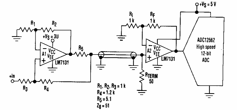 Found in an Electronic Design from the 90s, this circuit uses components from the time. It is intended for coupling with 50-ohm cables.
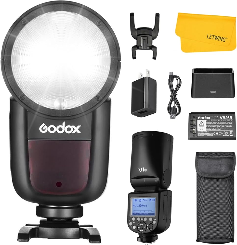 Excellent Light Effects: Godox v1 sony flash features round fresnel head, built-in LED modeling lamp is adjustable from 01 to 10 steps, Distributing even light from center to edge, providing natural and beautiful light effect, can be used on or off the camera, stable color temperature at 5600±200K over the entire power range, The zooming head (28-105 mm) features automatic and manual control, This head also has a Fresnel lens which can increasing its power
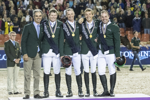 GULD IRLAND: Shane Sweetnam med Chaqui Z, Bertram Allen med Hector van d’Abdijhoeve, Denis Lynch med All Star 5 och Cian O’Connor med Good Luck. Chef d’equipe: Rodrigo Pessoa.
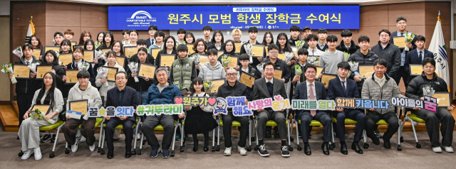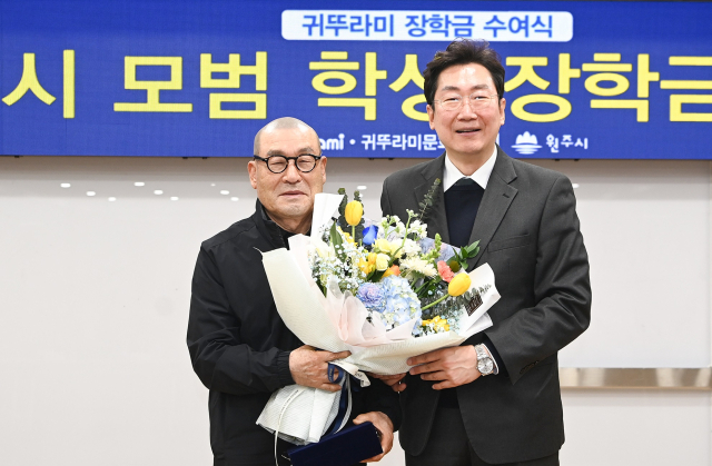 원주시는 17일 귀뚜라미문화재단 장학금 및 장학증서 수여식을 개최하고 예체능 분야에서 재능과 성장 가능성을 보인 지역 중·고등학생 50명에게 장학금을 전달했다.

EXERCISE DIRECTIONS: Return each line of the material exactly as written; exclude the pictures.

EXERCISE ANSWER:
 Found in an Electronic Design from the 90s, this circuit uses components from the time. It is intended for coupling with 50-ohm cables.
 Excellent Light Effects: Godox v1 sony flash features round fresnel head, built-in LED modeling lamp is adjustable from 01 to 10 steps, Distributing even light from center to edge, providing natural and beautiful light effect, can be used on or off the camera, stable color temperature at 5600±200K over the entire power range, The zooming head (28-105 mm) features automatic and manual control, This head also has a Fresnel lens which can increasing its power
 GULD IRLAND: Shane Sweetnam med Chaqui Z, Bertram Allen med Hector van d’Abdijhoeve, Denis Lynch med All Star 5 och Cian O’Connor med Good Luck. Chef d’equipe: Rodrigo Pessoa.
 원주시는 17일 귀뚜라미문화재단 장학금 및 장학증서 수여식을 개최하고 예체능 분야에서 재능과 성장 가능성을 보인 지역 중·고등학생 50명에게 장학금을 전달했다.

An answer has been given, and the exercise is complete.